[Directions]
Give back all of the data exactly as it stands, with the pictures removed.

::: Information shown :::

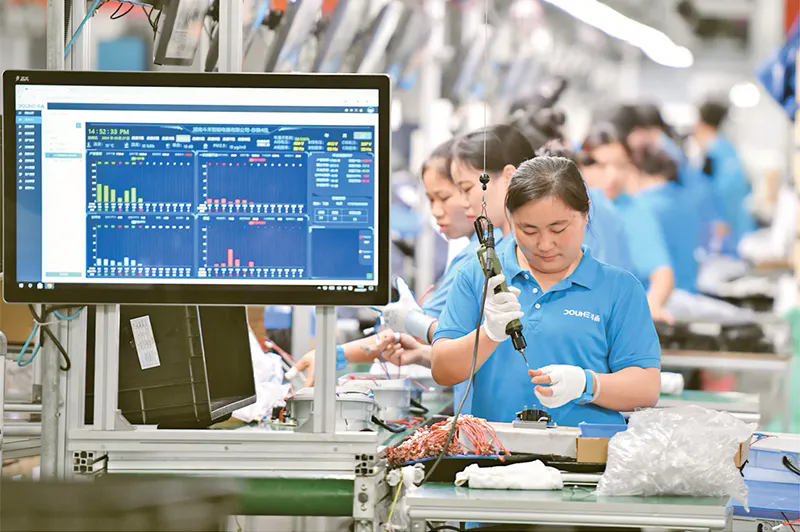 坚持依靠发展促进就业,在构建现代化产业体系的过程中不断提升就业带动力。图为2024年9月27日,在湖南省长沙市宁乡市金洲新城一家智能电器公司,工作人员在生产线上作业。 新华社记者 陈泽国/摄
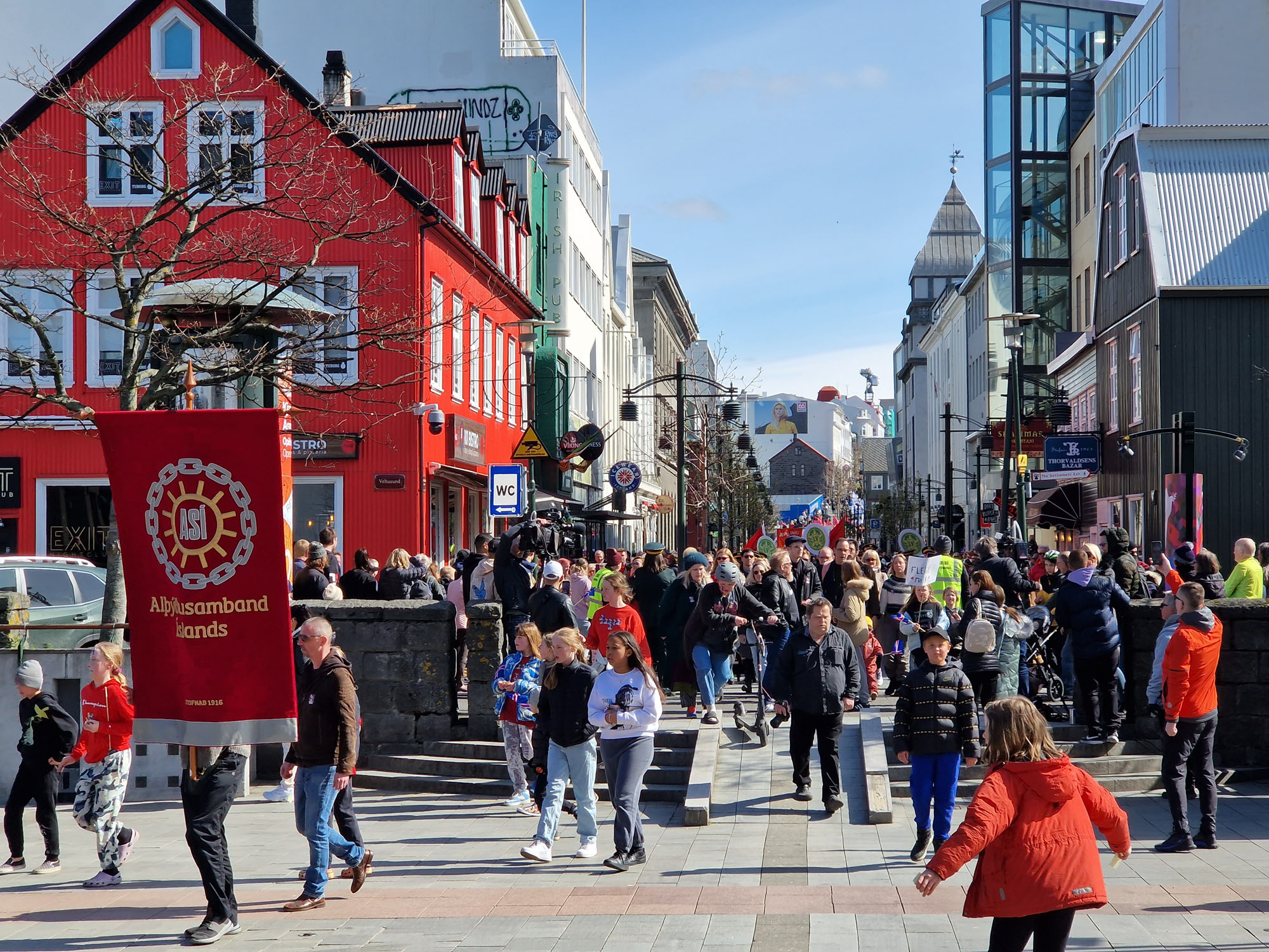 On Labor Day earlier this month, I went down to the center of Reykjavík to record human life and the traditional program on this great day. Instead of going on a mass march through the streets of the city, I went straight down to Hallærisplan square and waited for the marchers and brass bands..
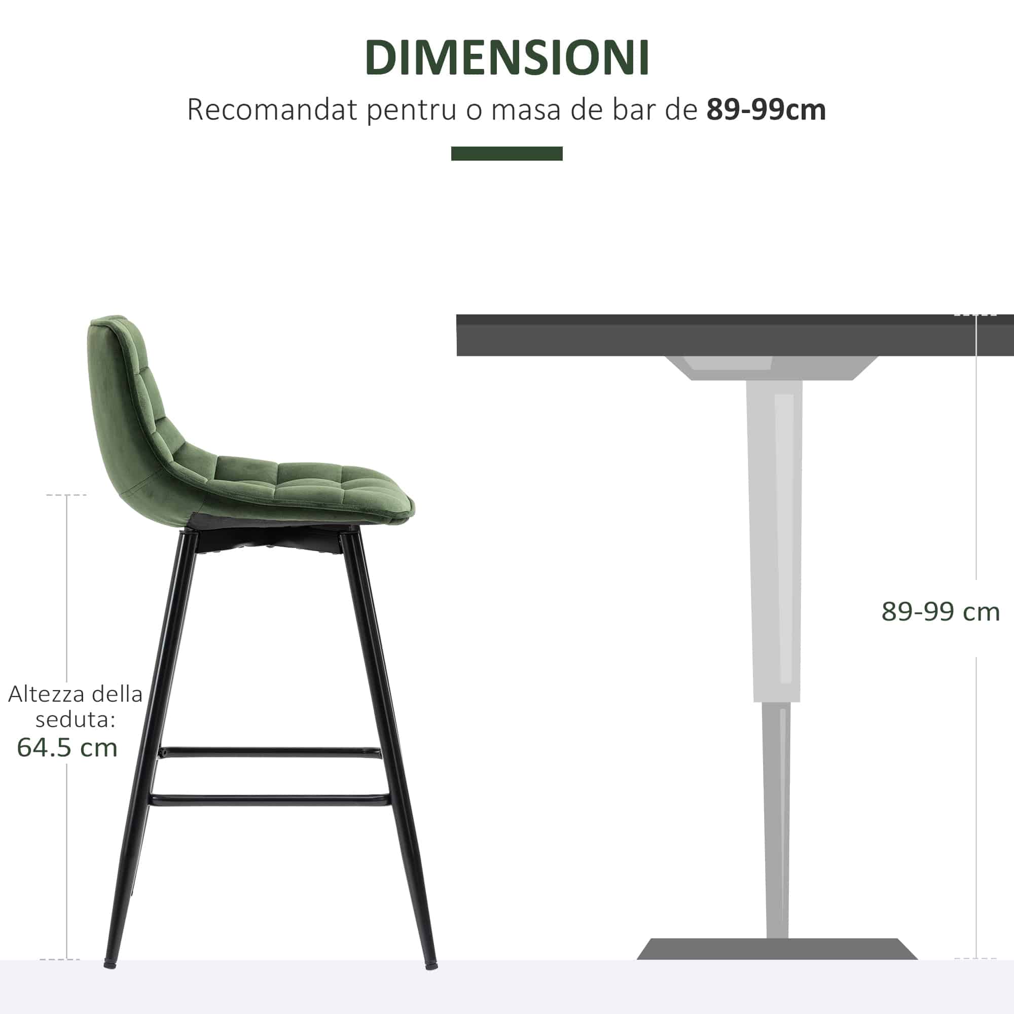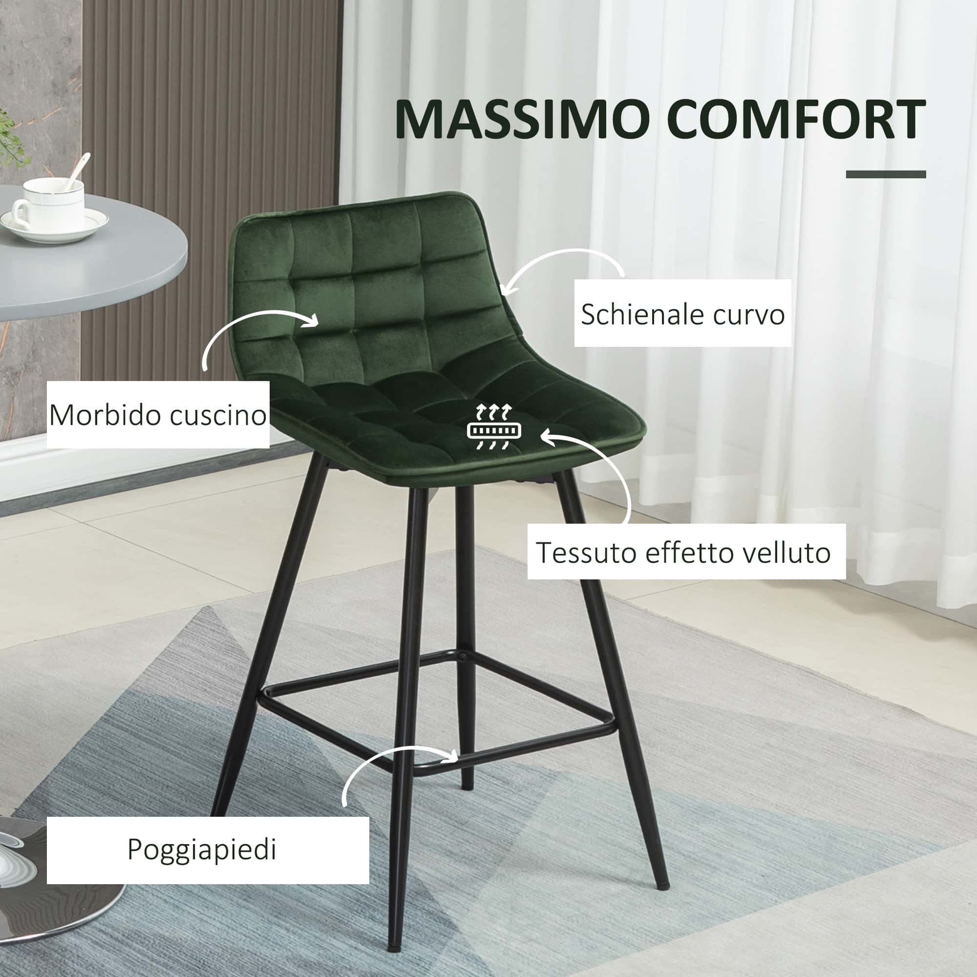 Set 2 Sgabelli da Bar con Schienale e Poggiapiedi Stile Nordico in Metallo e Velluto, Verde, 45x47x84cm

:::

[Completed task]
 坚持依靠发展促进就业,在构建现代化产业体系的过程中不断提升就业带动力。图为2024年9月27日,在湖南省长沙市宁乡市金洲新城一家智能电器公司,工作人员在生产线上作业。 新华社记者 陈泽国/摄
 On Labor Day earlier this month, I went down to the center of Reykjavík to record human life and the traditional program on this great day. Instead of going on a mass march through the streets of the city, I went straight down to Hallærisplan square and waited for the marchers and brass bands..
 Set 2 Sgabelli da Bar con Schienale e Poggiapiedi Stile Nordico in Metallo e Velluto, Verde, 45x47x84cm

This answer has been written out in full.